WORK REQUEST: The lines below must be transcribed exactly as given, with the images removed.

SOURCE MATERIAL:
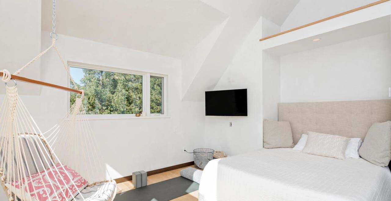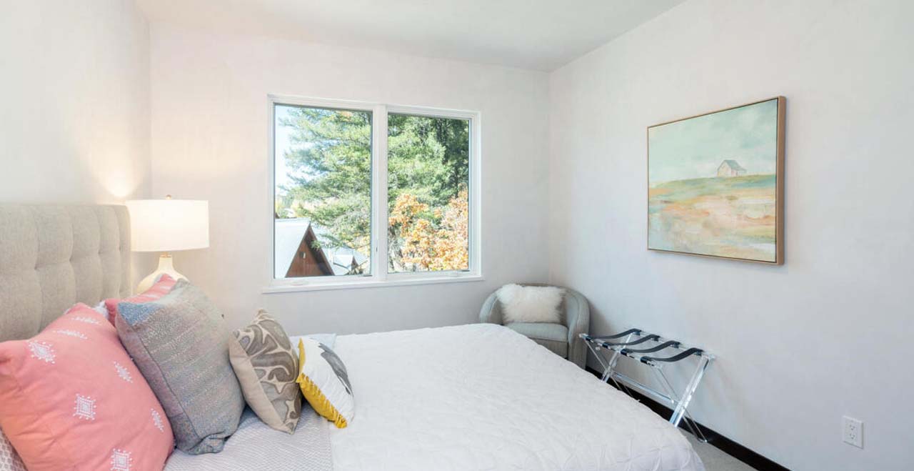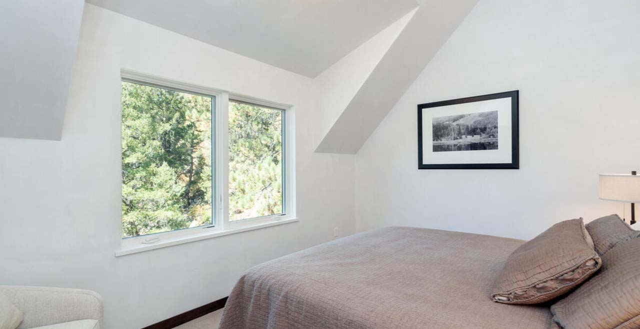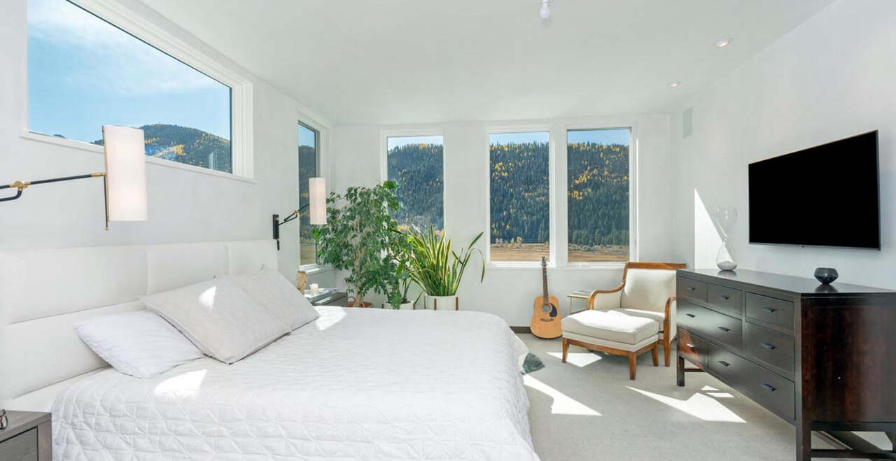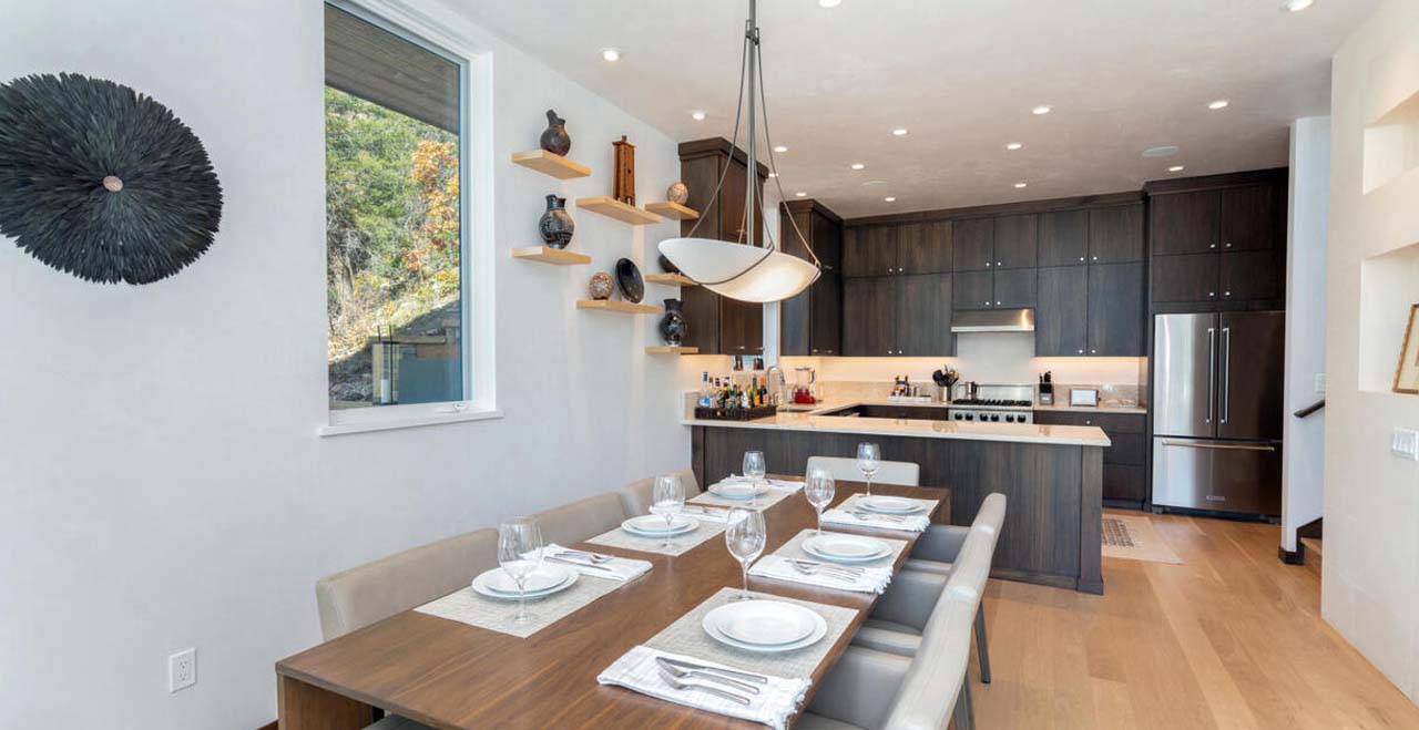 Built in 2018 with luxurious finishes throughout including white oak floors, hand-troweled plaster walls, walnut trim and cabinets, and high-end appliances, this home was refurnished in October of 2020 with all new furniture, bedding, kitchenware and linens (new pictures coming soon!) From the entry level, take a flight of stairs to the spacious main living area, including a fully-equipped kitchen, powder bath, dining and living areas, complete with a smart TV with surround sound and a Bluetooth sound system, and a powder bath. From there, head out to the spacious, furnished patio, featuring a new grill and dining area to relax, entertain and enjoy incredible mountain, valley and sunset views. A second flight of stairs leads to the spacious master bedroom featuring a King bed, smart TV, large closet and Ensuite bathroom. Next to the Master is the laundry area, with full size washer and dryer, and a guest room featuring a Queen bed and bathroom with a full size tub and shower. Another flight of stairs leads to the third guest room featuring a King bed, lofted ceilings and incredible views, a full bathroom, and the fourth guest room. The fourth, large guest room features a Queen bed, a Queen sleeper sofa, an adjustable desk, and a second furnished patio – combining a perfect place to work or exercise with amazing views. There is a parking space in the spacious, heated garage and another in front of the home.
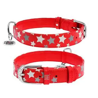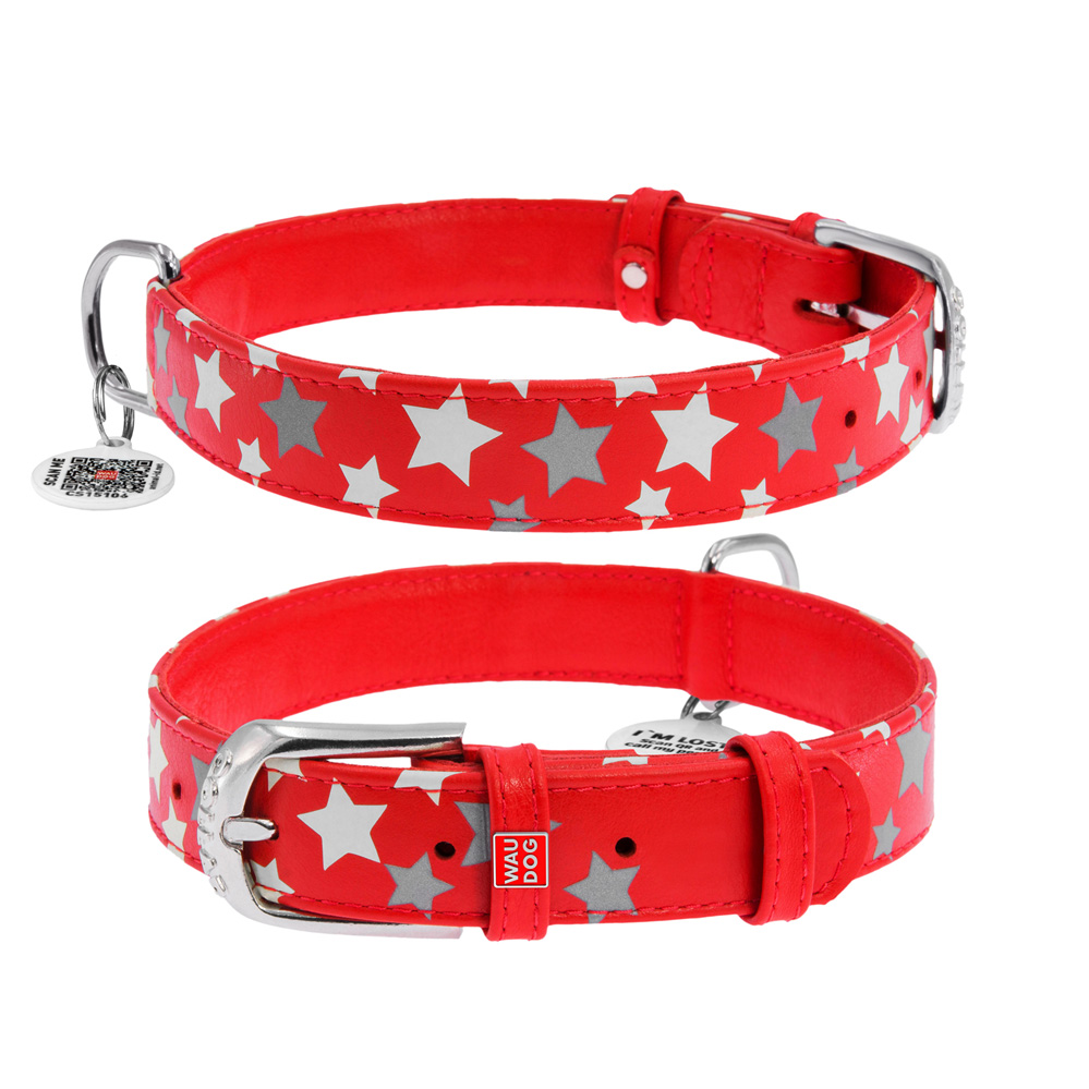 Ошейник Waudog кожаный Glamour с QR паспортом узор "Звёздочка" светящийся/светоотражающий размер M кожа 38-49x2,5 см
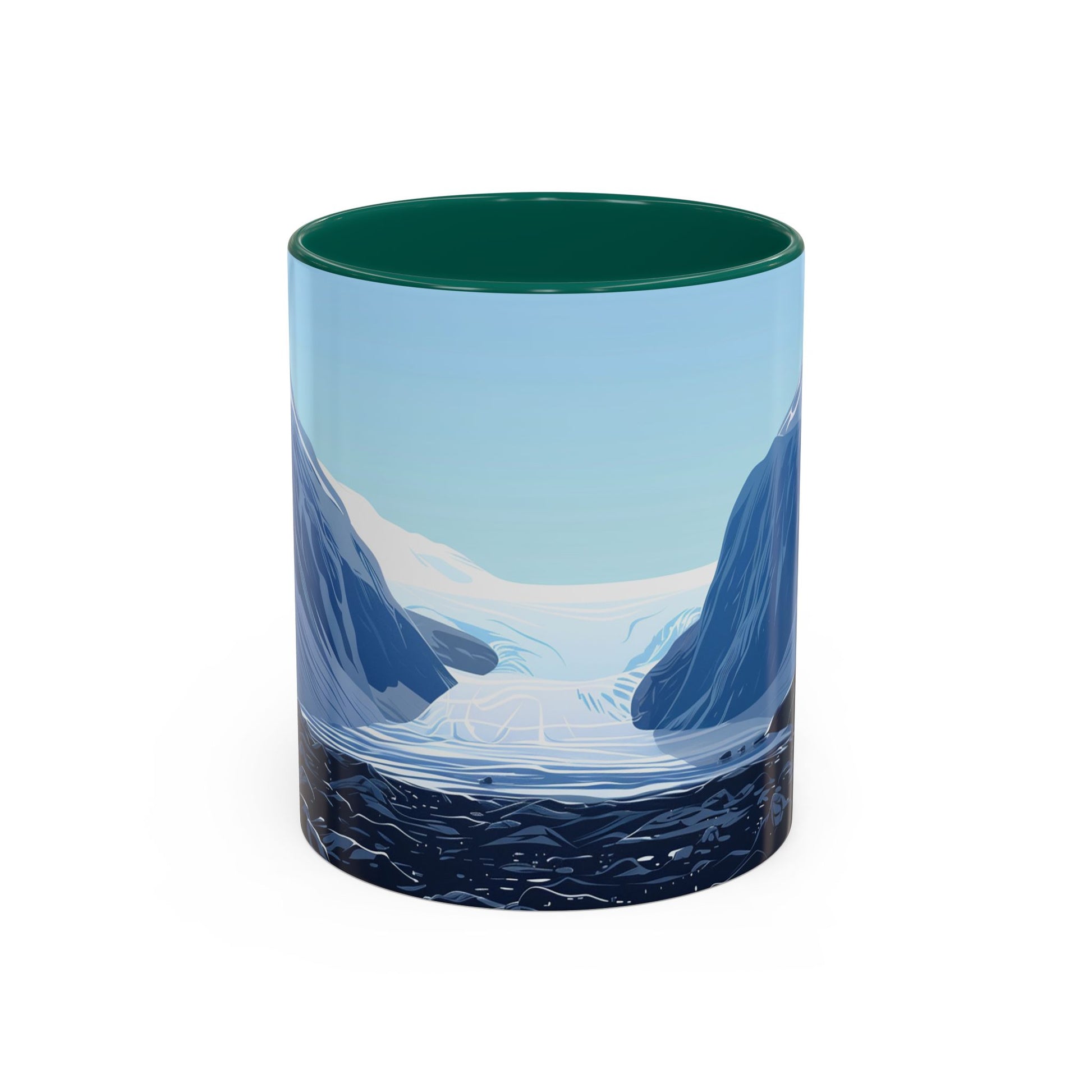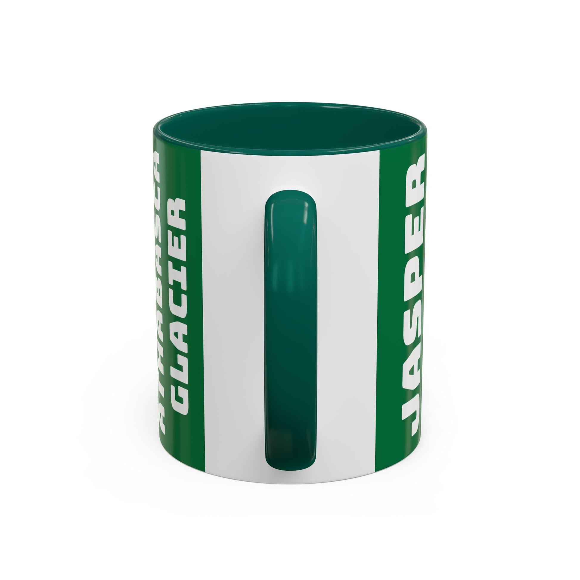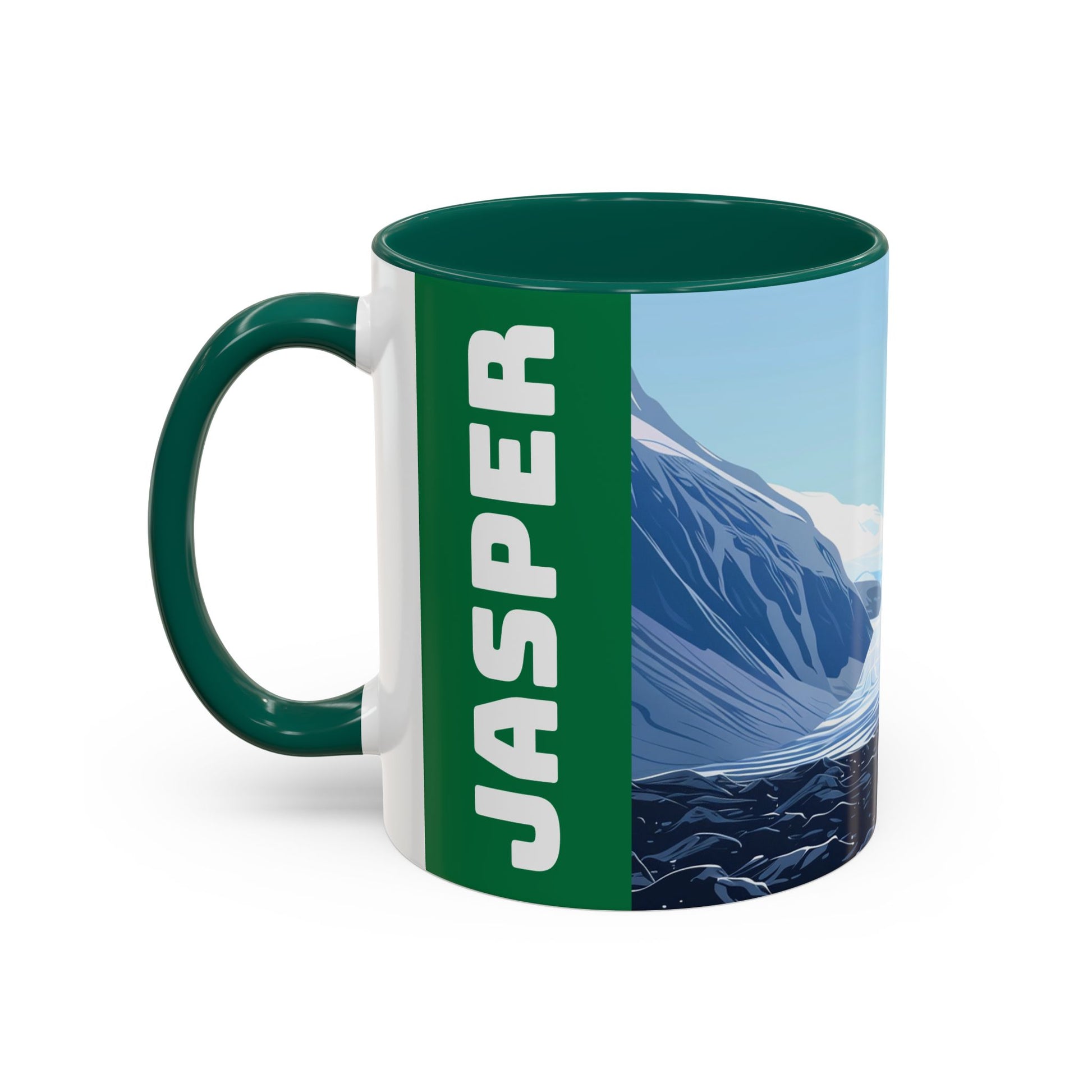 The coffee mug features a breathtaking image of the Athabasca Glacier in Jasper National Park. The glacier's surface is highlighted with intricate details of the ice flows and ridges, giving a sense of its immense size and natural beauty. This stunning depiction of the Athabasca Glacier showcases the raw, untouched beauty of one of Canada's most iconic natural wonders.
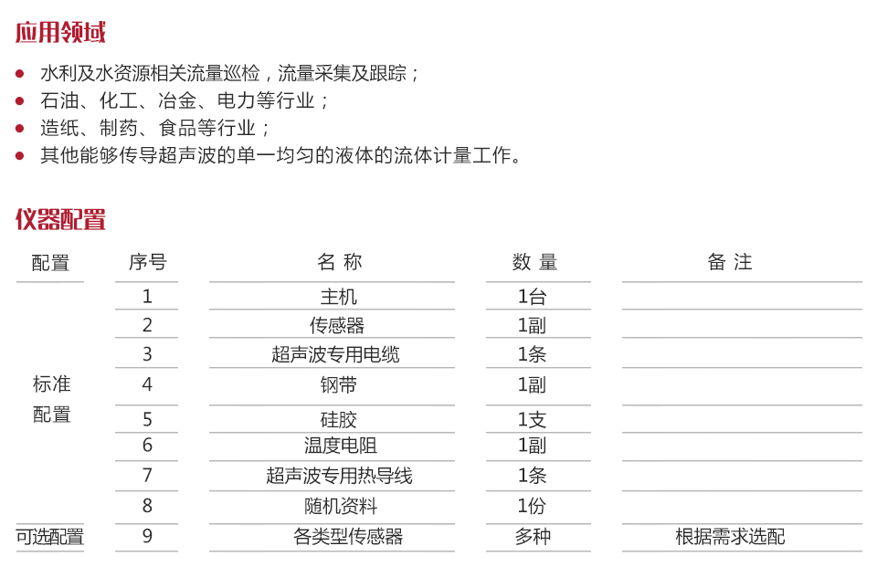 | 流體種類(lèi) | 水、海水、污水、酸堿液、酒精、啤酒、各種油類(lèi)等能傳導(dǎo)超聲波的單一均勻液體 |

THE COMPLETED TASK:
 Built in 2018 with luxurious finishes throughout including white oak floors, hand-troweled plaster walls, walnut trim and cabinets, and high-end appliances, this home was refurnished in October of 2020 with all new furniture, bedding, kitchenware and linens (new pictures coming soon!) From the entry level, take a flight of stairs to the spacious main living area, including a fully-equipped kitchen, powder bath, dining and living areas, complete with a smart TV with surround sound and a Bluetooth sound system, and a powder bath. From there, head out to the spacious, furnished patio, featuring a new grill and dining area to relax, entertain and enjoy incredible mountain, valley and sunset views. A second flight of stairs leads to the spacious master bedroom featuring a King bed, smart TV, large closet and Ensuite bathroom. Next to the Master is the laundry area, with full size washer and dryer, and a guest room featuring a Queen bed and bathroom with a full size tub and shower. Another flight of stairs leads to the third guest room featuring a King bed, lofted ceilings and incredible views, a full bathroom, and the fourth guest room. The fourth, large guest room features a Queen bed, a Queen sleeper sofa, an adjustable desk, and a second furnished patio – combining a perfect place to work or exercise with amazing views. There is a parking space in the spacious, heated garage and another in front of the home.
 Ошейник Waudog кожаный Glamour с QR паспортом узор "Звёздочка" светящийся/светоотражающий размер M кожа 38-49x2,5 см
 The coffee mug features a breathtaking image of the Athabasca Glacier in Jasper National Park. The glacier's surface is highlighted with intricate details of the ice flows and ridges, giving a sense of its immense size and natural beauty. This stunning depiction of the Athabasca Glacier showcases the raw, untouched beauty of one of Canada's most iconic natural wonders.
 | 流體種類(lèi) | 水、海水、污水、酸堿液、酒精、啤酒、各種油類(lèi)等能傳導(dǎo)超聲波的單一均勻液體 |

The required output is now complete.